Only the lines from the first line of the data through the line containing "Description: 1918. 25K" belong in the answer, transcribed exactly; pictures do not.

┌─ Data extract

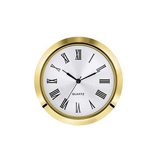 ISAKEN 55 mm (2–1/8 tum) urverk, rund klocka av kvartsklocka med romerska siffror och silvertrim, insticksurverk för 55 mm diameter, väggklocka, liten gör-det-själv urverkstillbehör
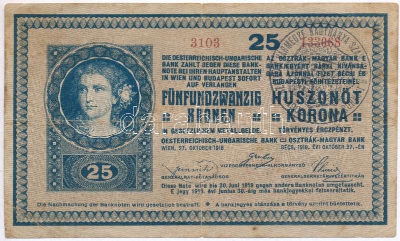 Description: 1918. 25K "3103" 3mm, hullámos hátlappal, előlapján hamis "Szatmár Vármegye Nagybánya Szab. Kir. R. T. Város" felülbélyegzéssel (fake overprint) T:III,III-
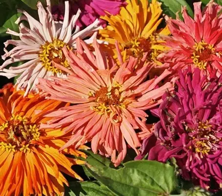 So named for their unique spiky appearance, Cactus Flowered Zinnias have semi double, large 10 to 15cm (4 to 6in) blooms each with re-curved, quilled and twisted petals that form interesting textures in the garden or the vase. ‘Giant Cactus Flowered Mix’ bloom in a wide mix of bright colours including gold, orange, crimson, scarlet, apricot, coral, carmine, salmon, lilac, rose, pink and white.
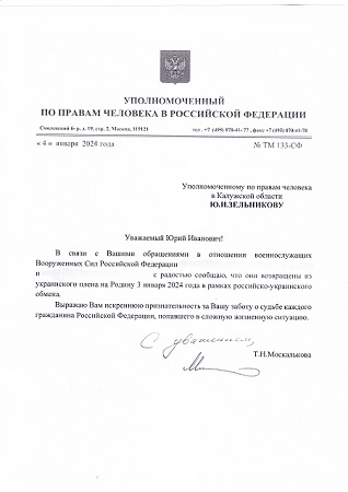Калужский Уполномоченный принял участие в судьбе калужан, приложив все силы к их освобождению. Оценив проделанную работу, Уполномоченный по правам человека в Российской Федерации Татьяна Москалькова выразила Юрию Зельникову искреннюю признательность за заботу о судьбе каждого гражданина Российской Федерации, попавшего в сложную жизненную ситуацию.
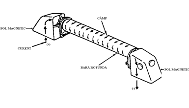 Cand un curent electric este trecut printr-o bobina, directia principala a fluxului este parala cu axa longitudinala a bobinei. Liniile individuale de forta din jurul fiecarui segment al conductorului interactioneaza cu fluxul campului adiacent pentru a produce un camp de flux puternic in jurul si prin bobina. Daca inseram un o tija feromagnetica in centrul bobinei fluxul campului devine mai puternic in tija. Slaba reluctanta a tijei forteaza mai multe linii de forta sa se stabilizeze. Aceasta o numim magnetizare longitudinala. Campul magnetic este in lungimea specimenului. Puterea campului magnetic este direct proportionala cu intensiatea curentului, cu numarul de spire si proprietatile magnetice ale specimenului.
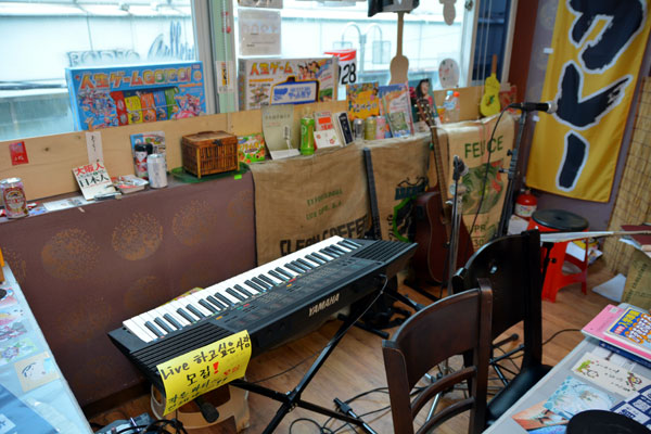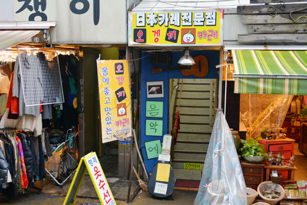 가게 안에는 일본어와 한국어로 쓰여진 많은 것들이 장식되어 있습니다.
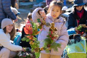 午後からは森で集めた自然素材を使ってクリスマスリースづくりにも挑戦し、親子で楽しい時間を過ごしました。
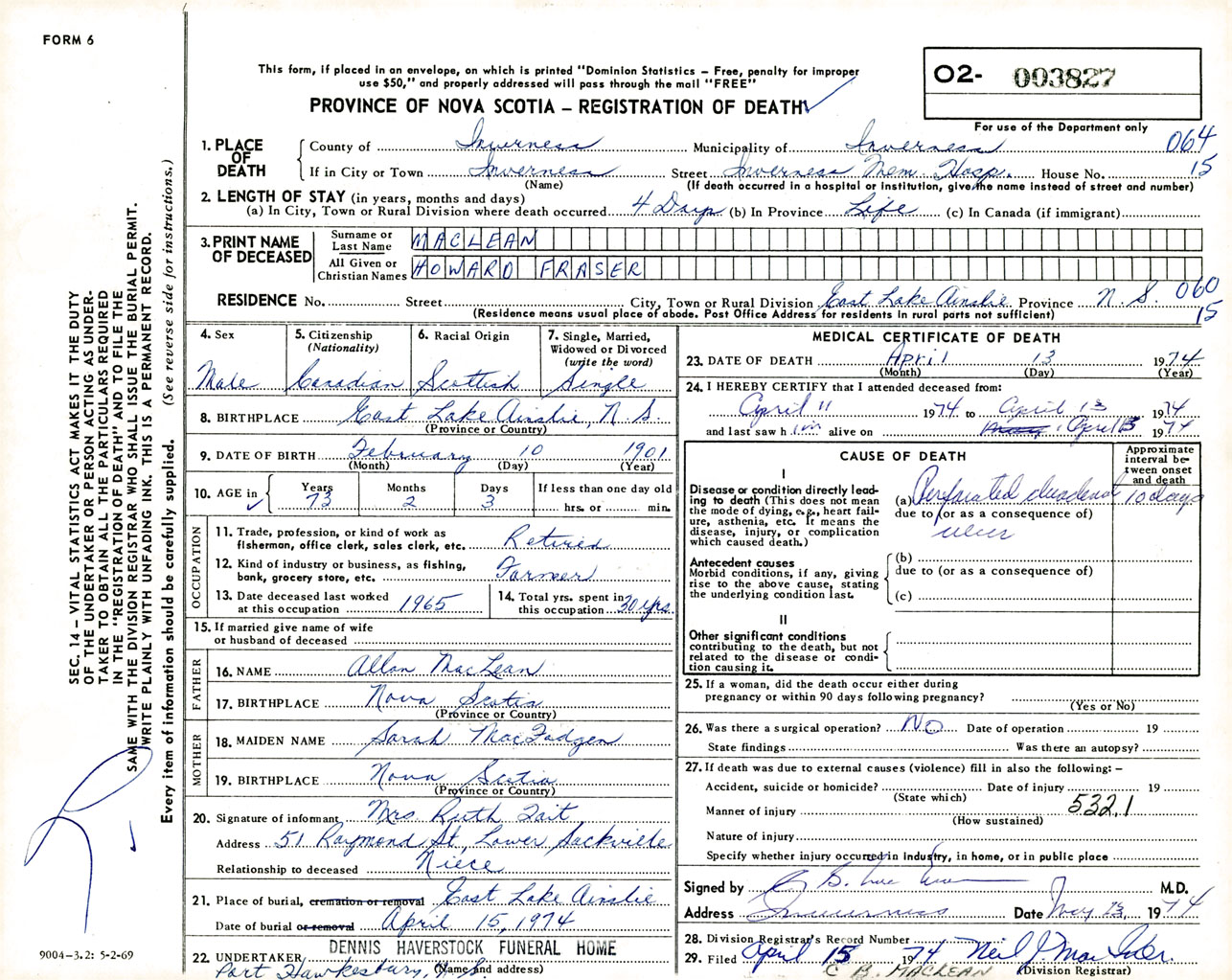 Male Death Registration: Year: 1974 number: 3827
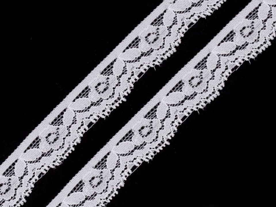 Elastische Spitzeborte aus Polyamid mit Elasthan. Breite 20 mm. Geeignet als Verzierung für Unterwäsche, Tops, Blusen oder für
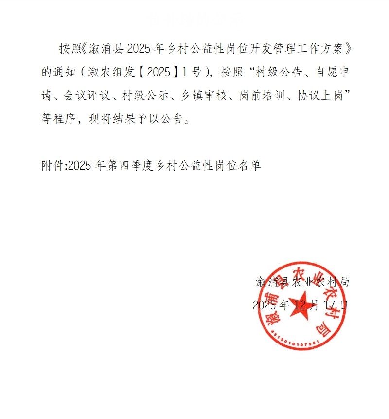 关于溆浦县2025年第四季度乡村公益性岗位补助的公示

└─

Result:
 ISAKEN 55 mm (2–1/8 tum) urverk, rund klocka av kvartsklocka med romerska siffror och silvertrim, insticksurverk för 55 mm diameter, väggklocka, liten gör-det-själv urverkstillbehör
 Description: 1918. 25K "3103" 3mm, hullámos hátlappal, előlapján hamis "Szatmár Vármegye Nagybánya Szab. Kir. R. T. Város" felülbélyegzéssel (fake overprint) T:III,III-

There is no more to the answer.